Here is the task for the records below: repeat exactly the lines from the one with "Trump has a" to the one with "Stato attuale: entrati", both included, and nothing else.

- Data for this task -
##############################
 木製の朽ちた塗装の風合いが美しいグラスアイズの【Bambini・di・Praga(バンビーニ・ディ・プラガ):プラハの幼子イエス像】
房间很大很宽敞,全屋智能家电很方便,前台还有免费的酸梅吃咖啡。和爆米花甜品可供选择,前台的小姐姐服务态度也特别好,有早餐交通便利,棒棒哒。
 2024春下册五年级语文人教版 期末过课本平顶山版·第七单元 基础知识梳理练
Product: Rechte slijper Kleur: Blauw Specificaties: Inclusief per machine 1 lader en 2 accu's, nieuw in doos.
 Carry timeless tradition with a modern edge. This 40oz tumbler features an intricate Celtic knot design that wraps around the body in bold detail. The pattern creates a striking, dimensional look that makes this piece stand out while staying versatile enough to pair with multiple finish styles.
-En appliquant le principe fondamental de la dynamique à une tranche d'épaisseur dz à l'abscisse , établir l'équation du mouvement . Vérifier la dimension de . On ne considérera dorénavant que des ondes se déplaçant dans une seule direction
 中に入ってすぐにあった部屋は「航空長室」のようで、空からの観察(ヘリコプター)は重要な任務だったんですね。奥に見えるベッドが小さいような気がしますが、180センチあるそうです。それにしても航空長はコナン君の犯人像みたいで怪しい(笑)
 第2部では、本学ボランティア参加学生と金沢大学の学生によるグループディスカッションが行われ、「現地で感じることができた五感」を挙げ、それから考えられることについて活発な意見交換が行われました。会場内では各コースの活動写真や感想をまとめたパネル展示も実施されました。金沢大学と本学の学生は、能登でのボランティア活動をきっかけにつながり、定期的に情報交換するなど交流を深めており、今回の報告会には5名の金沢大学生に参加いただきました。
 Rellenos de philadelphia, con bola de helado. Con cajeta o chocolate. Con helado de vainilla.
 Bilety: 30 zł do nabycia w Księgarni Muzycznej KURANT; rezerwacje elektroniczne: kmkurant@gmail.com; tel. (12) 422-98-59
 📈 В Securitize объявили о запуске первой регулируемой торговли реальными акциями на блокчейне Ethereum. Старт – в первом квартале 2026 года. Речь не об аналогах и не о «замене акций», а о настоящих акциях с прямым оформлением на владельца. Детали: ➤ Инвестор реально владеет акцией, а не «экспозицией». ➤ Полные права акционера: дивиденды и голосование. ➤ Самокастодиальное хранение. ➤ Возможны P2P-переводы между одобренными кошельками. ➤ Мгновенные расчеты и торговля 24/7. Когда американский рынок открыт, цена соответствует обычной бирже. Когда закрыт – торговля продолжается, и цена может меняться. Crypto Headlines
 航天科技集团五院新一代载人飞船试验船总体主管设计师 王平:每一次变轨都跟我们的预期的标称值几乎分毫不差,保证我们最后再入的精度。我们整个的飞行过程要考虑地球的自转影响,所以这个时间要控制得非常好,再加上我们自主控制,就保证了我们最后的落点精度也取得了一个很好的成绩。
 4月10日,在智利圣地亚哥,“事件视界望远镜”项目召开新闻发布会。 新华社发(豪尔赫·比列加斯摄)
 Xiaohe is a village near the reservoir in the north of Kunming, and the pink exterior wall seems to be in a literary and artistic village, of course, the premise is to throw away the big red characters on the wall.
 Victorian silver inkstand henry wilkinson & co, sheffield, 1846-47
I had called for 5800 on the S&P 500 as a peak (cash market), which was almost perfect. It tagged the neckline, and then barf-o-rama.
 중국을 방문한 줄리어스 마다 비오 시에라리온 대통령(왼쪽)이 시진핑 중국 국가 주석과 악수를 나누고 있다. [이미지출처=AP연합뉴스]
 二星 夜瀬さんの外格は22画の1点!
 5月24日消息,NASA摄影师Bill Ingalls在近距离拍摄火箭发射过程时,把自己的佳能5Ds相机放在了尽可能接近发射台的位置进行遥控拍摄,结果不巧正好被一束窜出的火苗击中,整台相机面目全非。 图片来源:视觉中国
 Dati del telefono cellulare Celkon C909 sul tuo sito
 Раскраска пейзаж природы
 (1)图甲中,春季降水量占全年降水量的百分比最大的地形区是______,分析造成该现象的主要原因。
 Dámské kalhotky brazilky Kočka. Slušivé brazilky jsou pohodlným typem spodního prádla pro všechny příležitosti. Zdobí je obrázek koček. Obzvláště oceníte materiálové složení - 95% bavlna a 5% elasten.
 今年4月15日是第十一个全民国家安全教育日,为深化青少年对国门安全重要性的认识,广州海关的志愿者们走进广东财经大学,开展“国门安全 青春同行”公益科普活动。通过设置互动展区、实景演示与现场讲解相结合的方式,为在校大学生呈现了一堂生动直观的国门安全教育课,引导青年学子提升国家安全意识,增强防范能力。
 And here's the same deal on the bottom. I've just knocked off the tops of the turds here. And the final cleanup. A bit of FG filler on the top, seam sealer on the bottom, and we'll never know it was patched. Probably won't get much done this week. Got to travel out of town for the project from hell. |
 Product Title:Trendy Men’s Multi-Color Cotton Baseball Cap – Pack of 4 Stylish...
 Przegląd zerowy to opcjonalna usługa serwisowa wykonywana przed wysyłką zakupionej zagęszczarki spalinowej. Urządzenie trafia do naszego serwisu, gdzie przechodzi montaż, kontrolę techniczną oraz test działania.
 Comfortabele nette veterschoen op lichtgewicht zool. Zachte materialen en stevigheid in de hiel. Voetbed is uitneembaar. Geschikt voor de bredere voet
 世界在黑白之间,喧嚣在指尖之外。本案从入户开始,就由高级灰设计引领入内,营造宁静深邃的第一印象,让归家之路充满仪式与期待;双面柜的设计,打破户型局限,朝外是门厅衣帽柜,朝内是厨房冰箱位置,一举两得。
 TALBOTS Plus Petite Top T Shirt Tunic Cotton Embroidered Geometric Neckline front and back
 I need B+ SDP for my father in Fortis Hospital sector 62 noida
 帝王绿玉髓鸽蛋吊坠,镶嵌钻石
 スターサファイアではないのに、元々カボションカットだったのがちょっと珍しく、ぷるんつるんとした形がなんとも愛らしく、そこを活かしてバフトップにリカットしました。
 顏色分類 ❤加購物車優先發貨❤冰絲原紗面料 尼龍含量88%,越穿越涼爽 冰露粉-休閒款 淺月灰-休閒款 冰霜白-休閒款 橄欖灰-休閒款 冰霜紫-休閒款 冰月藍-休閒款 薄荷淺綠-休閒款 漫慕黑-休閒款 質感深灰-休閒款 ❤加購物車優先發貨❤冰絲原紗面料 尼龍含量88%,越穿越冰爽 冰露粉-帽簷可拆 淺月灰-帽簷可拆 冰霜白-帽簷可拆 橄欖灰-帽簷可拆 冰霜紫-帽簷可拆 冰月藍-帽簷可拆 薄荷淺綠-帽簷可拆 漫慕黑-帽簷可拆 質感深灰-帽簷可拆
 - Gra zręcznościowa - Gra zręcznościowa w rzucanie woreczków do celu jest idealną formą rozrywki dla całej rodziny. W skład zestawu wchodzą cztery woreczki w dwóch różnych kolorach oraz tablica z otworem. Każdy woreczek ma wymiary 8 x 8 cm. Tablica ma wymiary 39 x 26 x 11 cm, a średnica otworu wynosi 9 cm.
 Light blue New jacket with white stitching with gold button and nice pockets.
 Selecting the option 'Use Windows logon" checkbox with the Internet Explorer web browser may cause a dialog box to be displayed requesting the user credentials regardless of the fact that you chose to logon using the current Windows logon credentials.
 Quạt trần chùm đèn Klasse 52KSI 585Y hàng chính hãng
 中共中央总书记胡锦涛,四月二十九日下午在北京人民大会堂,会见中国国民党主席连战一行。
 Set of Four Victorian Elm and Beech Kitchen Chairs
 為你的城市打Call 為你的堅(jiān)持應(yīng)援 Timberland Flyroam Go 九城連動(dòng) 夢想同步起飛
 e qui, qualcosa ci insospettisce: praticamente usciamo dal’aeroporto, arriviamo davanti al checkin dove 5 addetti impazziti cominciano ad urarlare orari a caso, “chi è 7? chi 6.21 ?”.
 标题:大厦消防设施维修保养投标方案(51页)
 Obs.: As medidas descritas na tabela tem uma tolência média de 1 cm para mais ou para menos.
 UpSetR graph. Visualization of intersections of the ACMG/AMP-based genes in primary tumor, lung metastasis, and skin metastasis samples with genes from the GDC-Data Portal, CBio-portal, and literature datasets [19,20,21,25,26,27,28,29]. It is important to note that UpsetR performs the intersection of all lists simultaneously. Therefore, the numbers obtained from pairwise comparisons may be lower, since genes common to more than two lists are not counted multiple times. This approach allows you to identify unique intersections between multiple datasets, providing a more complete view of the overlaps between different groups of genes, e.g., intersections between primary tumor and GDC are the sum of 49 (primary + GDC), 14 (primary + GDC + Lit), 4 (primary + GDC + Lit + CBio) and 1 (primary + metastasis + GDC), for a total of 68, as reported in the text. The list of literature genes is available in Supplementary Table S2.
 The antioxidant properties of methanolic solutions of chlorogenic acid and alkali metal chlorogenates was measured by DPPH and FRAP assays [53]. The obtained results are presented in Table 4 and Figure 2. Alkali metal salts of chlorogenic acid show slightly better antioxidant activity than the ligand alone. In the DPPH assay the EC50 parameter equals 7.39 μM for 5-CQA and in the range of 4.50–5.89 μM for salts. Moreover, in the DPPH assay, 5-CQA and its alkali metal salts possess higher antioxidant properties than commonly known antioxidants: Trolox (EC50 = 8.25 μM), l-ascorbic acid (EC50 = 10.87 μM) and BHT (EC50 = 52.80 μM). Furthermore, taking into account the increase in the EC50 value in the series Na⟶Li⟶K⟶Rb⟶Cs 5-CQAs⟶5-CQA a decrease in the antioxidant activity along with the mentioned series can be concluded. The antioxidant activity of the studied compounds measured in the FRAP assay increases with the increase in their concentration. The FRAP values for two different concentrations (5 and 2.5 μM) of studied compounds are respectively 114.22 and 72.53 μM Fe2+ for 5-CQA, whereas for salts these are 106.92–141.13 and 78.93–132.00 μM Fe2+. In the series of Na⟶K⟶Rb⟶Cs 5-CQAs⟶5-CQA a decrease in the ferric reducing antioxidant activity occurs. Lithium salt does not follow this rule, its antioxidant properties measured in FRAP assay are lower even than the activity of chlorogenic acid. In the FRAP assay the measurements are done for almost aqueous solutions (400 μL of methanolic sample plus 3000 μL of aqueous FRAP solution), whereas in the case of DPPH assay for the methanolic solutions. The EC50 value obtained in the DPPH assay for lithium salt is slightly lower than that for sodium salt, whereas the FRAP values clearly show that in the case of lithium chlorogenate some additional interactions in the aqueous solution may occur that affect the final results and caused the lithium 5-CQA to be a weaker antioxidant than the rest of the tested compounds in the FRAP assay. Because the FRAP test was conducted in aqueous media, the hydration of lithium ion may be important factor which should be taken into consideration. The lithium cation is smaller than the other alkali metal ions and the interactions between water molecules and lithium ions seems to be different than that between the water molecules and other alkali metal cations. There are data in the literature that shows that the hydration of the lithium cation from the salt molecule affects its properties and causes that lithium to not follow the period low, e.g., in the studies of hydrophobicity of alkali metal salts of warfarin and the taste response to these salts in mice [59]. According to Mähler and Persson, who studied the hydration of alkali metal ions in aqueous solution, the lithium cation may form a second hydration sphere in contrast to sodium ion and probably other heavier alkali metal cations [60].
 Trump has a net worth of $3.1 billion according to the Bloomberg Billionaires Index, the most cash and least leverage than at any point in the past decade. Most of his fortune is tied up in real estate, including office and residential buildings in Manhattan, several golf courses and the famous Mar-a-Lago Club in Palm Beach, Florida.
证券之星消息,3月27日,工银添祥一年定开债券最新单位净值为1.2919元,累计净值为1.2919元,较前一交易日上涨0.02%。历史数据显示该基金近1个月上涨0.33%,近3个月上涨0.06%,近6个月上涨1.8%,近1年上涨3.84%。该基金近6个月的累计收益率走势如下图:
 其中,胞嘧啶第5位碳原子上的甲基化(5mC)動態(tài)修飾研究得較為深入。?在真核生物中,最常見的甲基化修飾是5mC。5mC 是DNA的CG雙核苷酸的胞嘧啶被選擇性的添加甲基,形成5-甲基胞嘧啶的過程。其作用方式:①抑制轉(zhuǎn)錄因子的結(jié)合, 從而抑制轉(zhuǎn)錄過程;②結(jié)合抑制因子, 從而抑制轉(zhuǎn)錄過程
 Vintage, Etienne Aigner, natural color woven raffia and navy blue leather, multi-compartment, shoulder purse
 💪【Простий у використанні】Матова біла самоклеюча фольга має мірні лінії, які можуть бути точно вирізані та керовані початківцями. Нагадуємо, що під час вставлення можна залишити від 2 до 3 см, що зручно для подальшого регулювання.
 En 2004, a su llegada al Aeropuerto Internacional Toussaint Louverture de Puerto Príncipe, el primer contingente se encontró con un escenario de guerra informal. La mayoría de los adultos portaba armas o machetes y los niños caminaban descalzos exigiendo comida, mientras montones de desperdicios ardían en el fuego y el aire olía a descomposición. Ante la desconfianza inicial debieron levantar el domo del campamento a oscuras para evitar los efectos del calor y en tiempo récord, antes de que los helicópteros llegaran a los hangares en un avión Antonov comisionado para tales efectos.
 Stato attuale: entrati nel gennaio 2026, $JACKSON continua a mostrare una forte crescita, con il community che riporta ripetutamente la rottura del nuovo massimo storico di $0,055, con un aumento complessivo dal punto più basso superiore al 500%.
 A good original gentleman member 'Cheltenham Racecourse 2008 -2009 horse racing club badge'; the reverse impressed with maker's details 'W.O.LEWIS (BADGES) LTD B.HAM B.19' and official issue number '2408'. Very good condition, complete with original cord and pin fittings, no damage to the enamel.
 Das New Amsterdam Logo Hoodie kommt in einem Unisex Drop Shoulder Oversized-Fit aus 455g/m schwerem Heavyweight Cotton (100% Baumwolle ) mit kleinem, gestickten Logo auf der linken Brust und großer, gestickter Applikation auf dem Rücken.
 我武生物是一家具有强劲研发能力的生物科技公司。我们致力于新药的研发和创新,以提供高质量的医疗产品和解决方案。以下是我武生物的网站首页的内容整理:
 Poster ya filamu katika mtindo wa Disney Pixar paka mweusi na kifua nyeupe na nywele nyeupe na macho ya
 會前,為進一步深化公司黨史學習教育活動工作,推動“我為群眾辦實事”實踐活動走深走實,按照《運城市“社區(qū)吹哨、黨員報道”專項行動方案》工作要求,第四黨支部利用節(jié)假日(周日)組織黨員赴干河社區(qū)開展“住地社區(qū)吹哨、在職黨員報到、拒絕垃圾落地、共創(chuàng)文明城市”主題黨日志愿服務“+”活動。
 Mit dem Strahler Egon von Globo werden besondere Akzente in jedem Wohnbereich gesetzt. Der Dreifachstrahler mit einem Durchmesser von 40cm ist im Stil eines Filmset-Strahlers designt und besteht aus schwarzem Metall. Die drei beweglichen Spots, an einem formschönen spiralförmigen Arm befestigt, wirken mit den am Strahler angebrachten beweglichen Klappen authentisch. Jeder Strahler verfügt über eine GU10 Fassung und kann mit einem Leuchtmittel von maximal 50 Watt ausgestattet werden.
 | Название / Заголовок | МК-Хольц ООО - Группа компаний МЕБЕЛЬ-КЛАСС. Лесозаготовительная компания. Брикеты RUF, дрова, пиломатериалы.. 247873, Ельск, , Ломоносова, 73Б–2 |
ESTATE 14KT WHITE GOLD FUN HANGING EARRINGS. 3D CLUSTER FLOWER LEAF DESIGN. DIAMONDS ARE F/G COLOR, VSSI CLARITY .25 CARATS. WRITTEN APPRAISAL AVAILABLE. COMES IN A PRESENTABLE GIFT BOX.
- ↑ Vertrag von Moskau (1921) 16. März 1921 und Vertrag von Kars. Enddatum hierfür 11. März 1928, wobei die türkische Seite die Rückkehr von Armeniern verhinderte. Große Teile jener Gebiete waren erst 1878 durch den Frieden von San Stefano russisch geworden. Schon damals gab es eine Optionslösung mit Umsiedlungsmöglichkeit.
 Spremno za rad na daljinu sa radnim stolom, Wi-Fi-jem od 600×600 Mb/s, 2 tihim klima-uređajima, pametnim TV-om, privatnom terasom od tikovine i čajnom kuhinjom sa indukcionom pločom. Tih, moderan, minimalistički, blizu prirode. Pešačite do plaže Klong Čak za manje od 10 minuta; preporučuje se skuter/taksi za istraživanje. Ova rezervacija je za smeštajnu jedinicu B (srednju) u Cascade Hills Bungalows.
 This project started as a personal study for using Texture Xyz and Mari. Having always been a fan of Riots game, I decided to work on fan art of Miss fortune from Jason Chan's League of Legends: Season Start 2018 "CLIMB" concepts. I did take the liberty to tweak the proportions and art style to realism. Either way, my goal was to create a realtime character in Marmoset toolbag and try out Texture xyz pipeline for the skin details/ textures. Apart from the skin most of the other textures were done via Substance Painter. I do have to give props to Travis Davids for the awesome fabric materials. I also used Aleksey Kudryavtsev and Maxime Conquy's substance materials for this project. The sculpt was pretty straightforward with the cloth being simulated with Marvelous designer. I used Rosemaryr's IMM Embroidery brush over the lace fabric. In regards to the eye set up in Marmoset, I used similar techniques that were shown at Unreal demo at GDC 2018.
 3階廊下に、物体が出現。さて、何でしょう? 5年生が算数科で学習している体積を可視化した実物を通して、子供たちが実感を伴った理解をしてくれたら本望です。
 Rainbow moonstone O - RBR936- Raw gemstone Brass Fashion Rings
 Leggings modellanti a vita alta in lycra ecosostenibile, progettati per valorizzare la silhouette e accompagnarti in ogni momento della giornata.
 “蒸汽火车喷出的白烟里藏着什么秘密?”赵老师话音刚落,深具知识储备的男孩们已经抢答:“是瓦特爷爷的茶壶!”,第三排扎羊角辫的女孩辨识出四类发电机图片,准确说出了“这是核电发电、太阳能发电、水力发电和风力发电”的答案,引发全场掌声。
##############################
- Solution for this task -
 Trump has a net worth of $3.1 billion according to the Bloomberg Billionaires Index, the most cash and least leverage than at any point in the past decade. Most of his fortune is tied up in real estate, including office and residential buildings in Manhattan, several golf courses and the famous Mar-a-Lago Club in Palm Beach, Florida.
证券之星消息,3月27日,工银添祥一年定开债券最新单位净值为1.2919元,累计净值为1.2919元,较前一交易日上涨0.02%。历史数据显示该基金近1个月上涨0.33%,近3个月上涨0.06%,近6个月上涨1.8%,近1年上涨3.84%。该基金近6个月的累计收益率走势如下图:
 其中,胞嘧啶第5位碳原子上的甲基化(5mC)動態(tài)修飾研究得較為深入。?在真核生物中,最常見的甲基化修飾是5mC。5mC 是DNA的CG雙核苷酸的胞嘧啶被選擇性的添加甲基,形成5-甲基胞嘧啶的過程。其作用方式:①抑制轉(zhuǎn)錄因子的結(jié)合, 從而抑制轉(zhuǎn)錄過程;②結(jié)合抑制因子, 從而抑制轉(zhuǎn)錄過程
 Vintage, Etienne Aigner, natural color woven raffia and navy blue leather, multi-compartment, shoulder purse
 💪【Простий у використанні】Матова біла самоклеюча фольга має мірні лінії, які можуть бути точно вирізані та керовані початківцями. Нагадуємо, що під час вставлення можна залишити від 2 до 3 см, що зручно для подальшого регулювання.
 En 2004, a su llegada al Aeropuerto Internacional Toussaint Louverture de Puerto Príncipe, el primer contingente se encontró con un escenario de guerra informal. La mayoría de los adultos portaba armas o machetes y los niños caminaban descalzos exigiendo comida, mientras montones de desperdicios ardían en el fuego y el aire olía a descomposición. Ante la desconfianza inicial debieron levantar el domo del campamento a oscuras para evitar los efectos del calor y en tiempo récord, antes de que los helicópteros llegaran a los hangares en un avión Antonov comisionado para tales efectos.
 Stato attuale: entrati nel gennaio 2026, $JACKSON continua a mostrare una forte crescita, con il community che riporta ripetutamente la rottura del nuovo massimo storico di $0,055, con un aumento complessivo dal punto più basso superiore al 500%.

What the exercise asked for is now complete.